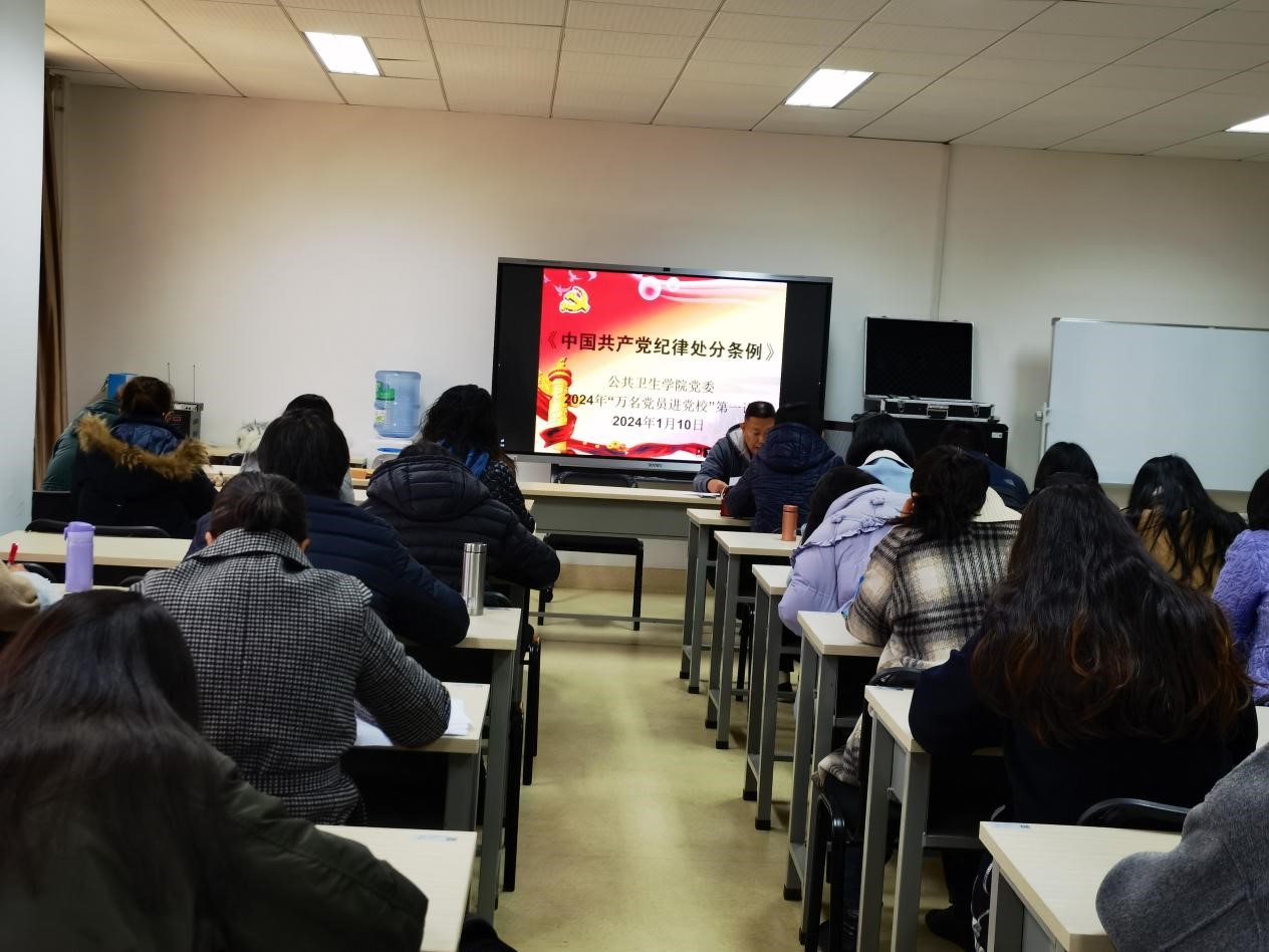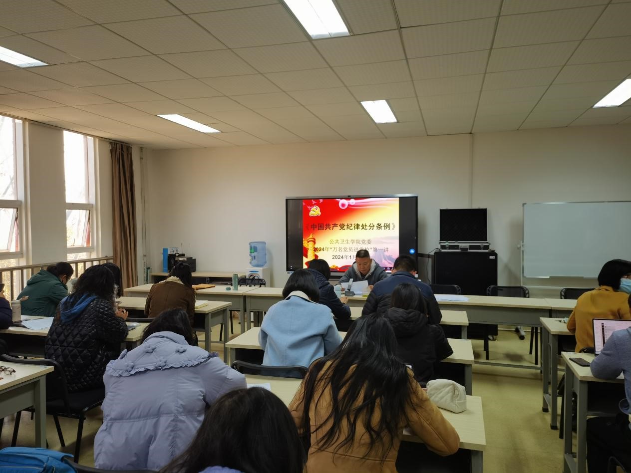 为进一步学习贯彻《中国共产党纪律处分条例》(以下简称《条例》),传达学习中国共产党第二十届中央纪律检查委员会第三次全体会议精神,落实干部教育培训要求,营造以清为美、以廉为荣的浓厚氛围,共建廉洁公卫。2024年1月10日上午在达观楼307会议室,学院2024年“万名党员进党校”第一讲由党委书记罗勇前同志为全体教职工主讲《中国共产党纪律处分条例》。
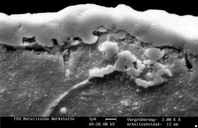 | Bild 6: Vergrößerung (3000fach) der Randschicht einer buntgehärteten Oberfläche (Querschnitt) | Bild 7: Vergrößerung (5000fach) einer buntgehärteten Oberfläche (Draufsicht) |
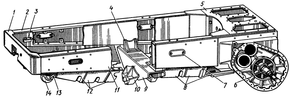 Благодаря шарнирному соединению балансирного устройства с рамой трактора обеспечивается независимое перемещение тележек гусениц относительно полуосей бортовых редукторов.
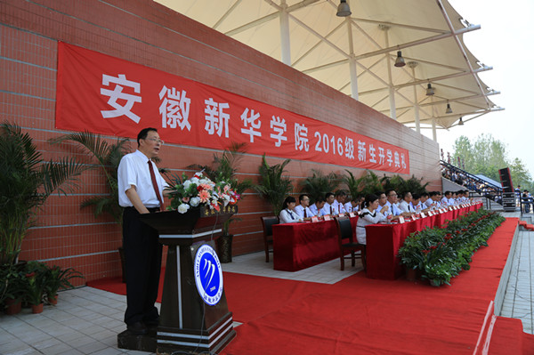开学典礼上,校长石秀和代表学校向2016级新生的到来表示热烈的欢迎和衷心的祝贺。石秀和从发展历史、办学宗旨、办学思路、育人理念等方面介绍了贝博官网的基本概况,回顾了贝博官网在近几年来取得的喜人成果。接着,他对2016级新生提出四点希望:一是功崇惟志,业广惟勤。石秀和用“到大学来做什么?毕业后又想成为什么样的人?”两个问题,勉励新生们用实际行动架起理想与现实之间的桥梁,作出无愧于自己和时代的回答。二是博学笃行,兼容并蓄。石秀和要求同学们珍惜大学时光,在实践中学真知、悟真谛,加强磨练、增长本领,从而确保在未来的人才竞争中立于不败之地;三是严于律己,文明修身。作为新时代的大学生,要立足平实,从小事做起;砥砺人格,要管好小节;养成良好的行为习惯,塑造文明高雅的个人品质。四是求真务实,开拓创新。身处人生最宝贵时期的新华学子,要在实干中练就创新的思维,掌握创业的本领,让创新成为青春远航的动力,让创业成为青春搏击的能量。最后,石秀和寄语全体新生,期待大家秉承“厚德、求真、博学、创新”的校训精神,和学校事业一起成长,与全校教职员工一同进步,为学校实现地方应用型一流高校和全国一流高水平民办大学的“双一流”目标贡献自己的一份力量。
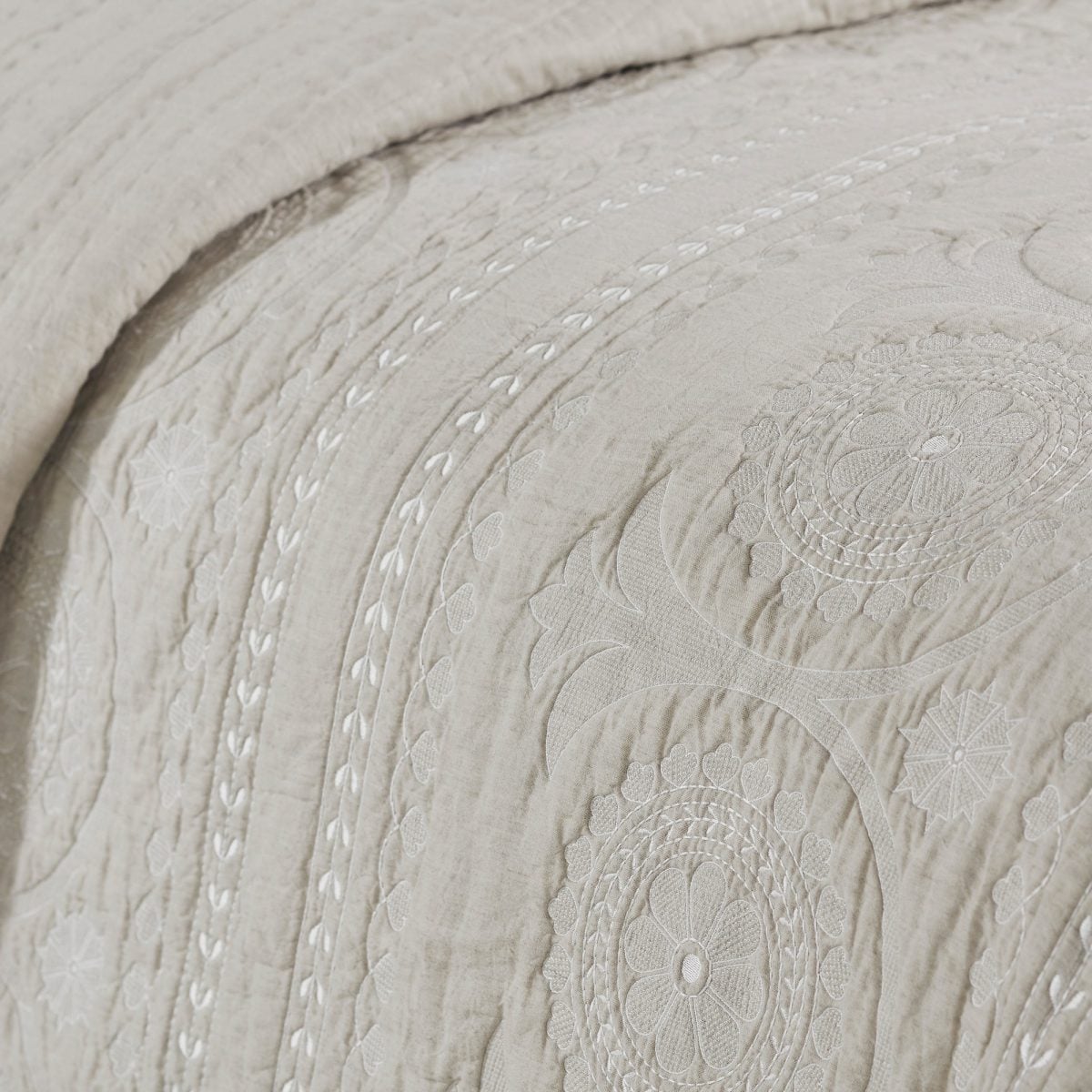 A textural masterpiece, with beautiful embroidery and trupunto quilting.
--
▶ _DIRECTIONS_: Everything in the data above, apart from the pictures, should be retyped exactly.

▶ _OUTPUT OF THE TASK_:
 为进一步学习贯彻《中国共产党纪律处分条例》(以下简称《条例》),传达学习中国共产党第二十届中央纪律检查委员会第三次全体会议精神,落实干部教育培训要求,营造以清为美、以廉为荣的浓厚氛围,共建廉洁公卫。2024年1月10日上午在达观楼307会议室,学院2024年“万名党员进党校”第一讲由党委书记罗勇前同志为全体教职工主讲《中国共产党纪律处分条例》。
 | Bild 6: Vergrößerung (3000fach) der Randschicht einer buntgehärteten Oberfläche (Querschnitt) | Bild 7: Vergrößerung (5000fach) einer buntgehärteten Oberfläche (Draufsicht) |
 Благодаря шарнирному соединению балансирного устройства с рамой трактора обеспечивается независимое перемещение тележек гусениц относительно полуосей бортовых редукторов.
开学典礼上,校长石秀和代表学校向2016级新生的到来表示热烈的欢迎和衷心的祝贺。石秀和从发展历史、办学宗旨、办学思路、育人理念等方面介绍了贝博官网的基本概况,回顾了贝博官网在近几年来取得的喜人成果。接着,他对2016级新生提出四点希望:一是功崇惟志,业广惟勤。石秀和用“到大学来做什么?毕业后又想成为什么样的人?”两个问题,勉励新生们用实际行动架起理想与现实之间的桥梁,作出无愧于自己和时代的回答。二是博学笃行,兼容并蓄。石秀和要求同学们珍惜大学时光,在实践中学真知、悟真谛,加强磨练、增长本领,从而确保在未来的人才竞争中立于不败之地;三是严于律己,文明修身。作为新时代的大学生,要立足平实,从小事做起;砥砺人格,要管好小节;养成良好的行为习惯,塑造文明高雅的个人品质。四是求真务实,开拓创新。身处人生最宝贵时期的新华学子,要在实干中练就创新的思维,掌握创业的本领,让创新成为青春远航的动力,让创业成为青春搏击的能量。最后,石秀和寄语全体新生,期待大家秉承“厚德、求真、博学、创新”的校训精神,和学校事业一起成长,与全校教职员工一同进步,为学校实现地方应用型一流高校和全国一流高水平民办大学的“双一流”目标贡献自己的一份力量。
 A textural masterpiece, with beautiful embroidery and trupunto quilting.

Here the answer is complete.